Assigned task:
Pictures must not appear in the copy. Restate exactly the lines below from the one with "An ornate stone" through the one with "shaking, no bending.", inclusive.

Extracted material:
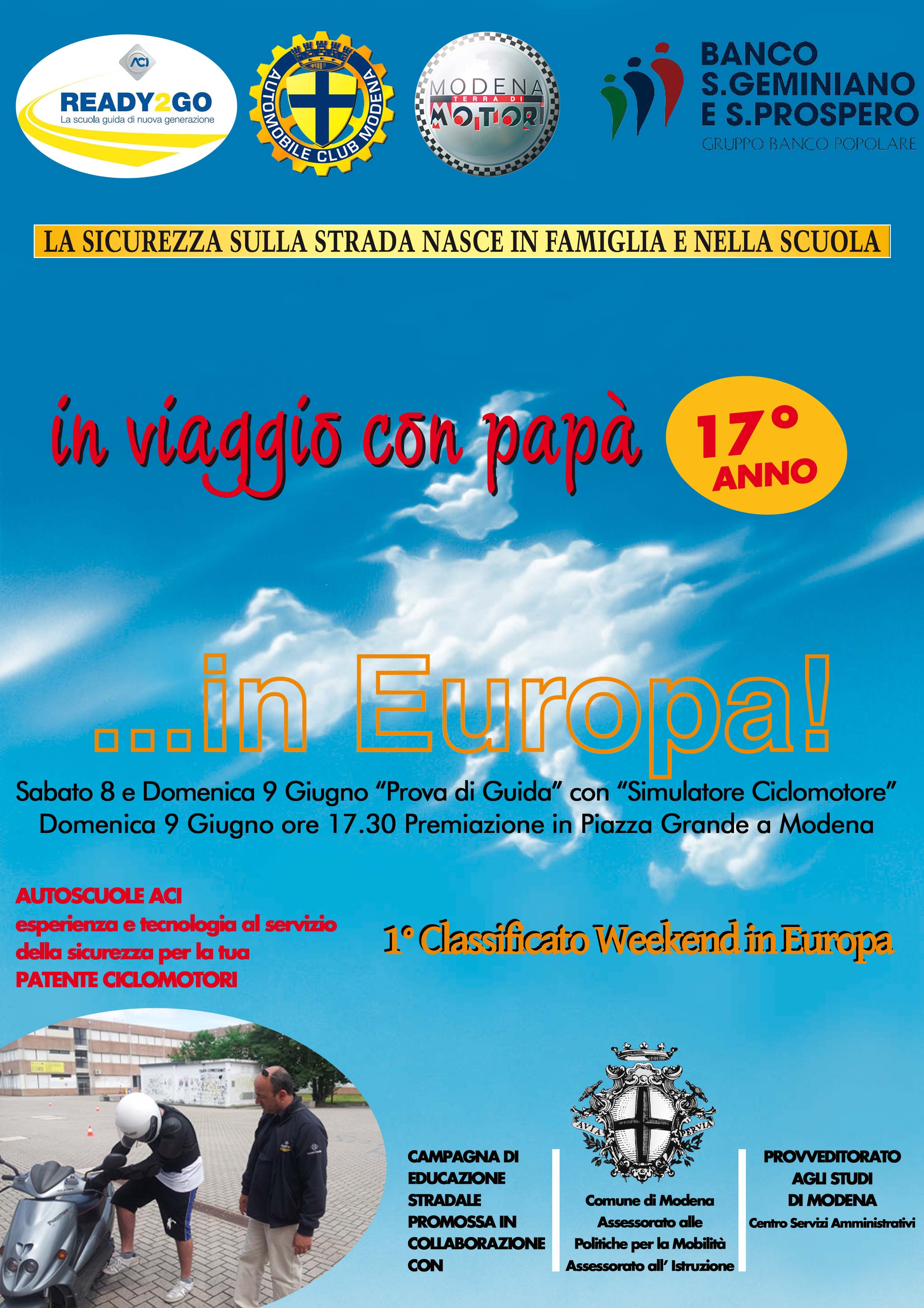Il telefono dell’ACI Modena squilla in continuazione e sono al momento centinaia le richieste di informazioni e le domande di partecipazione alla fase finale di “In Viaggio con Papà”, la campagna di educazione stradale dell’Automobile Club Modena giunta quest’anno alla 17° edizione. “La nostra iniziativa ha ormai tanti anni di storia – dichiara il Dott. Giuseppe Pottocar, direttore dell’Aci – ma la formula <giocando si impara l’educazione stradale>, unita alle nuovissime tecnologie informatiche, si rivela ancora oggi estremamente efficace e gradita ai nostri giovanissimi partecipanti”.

* * *

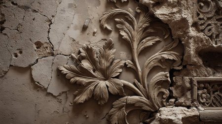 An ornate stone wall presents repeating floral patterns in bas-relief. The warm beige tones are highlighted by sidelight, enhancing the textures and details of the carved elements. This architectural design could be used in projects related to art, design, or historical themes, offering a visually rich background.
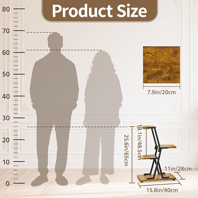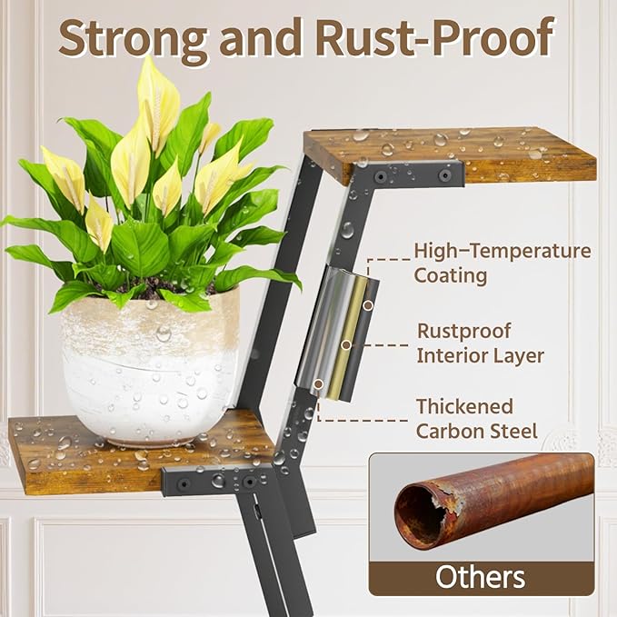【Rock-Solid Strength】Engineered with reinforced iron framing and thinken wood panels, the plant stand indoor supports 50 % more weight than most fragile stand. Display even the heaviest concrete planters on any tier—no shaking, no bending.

Expected answer:
 An ornate stone wall presents repeating floral patterns in bas-relief. The warm beige tones are highlighted by sidelight, enhancing the textures and details of the carved elements. This architectural design could be used in projects related to art, design, or historical themes, offering a visually rich background.
【Rock-Solid Strength】Engineered with reinforced iron framing and thinken wood panels, the plant stand indoor supports 50 % more weight than most fragile stand. Display even the heaviest concrete planters on any tier—no shaking, no bending.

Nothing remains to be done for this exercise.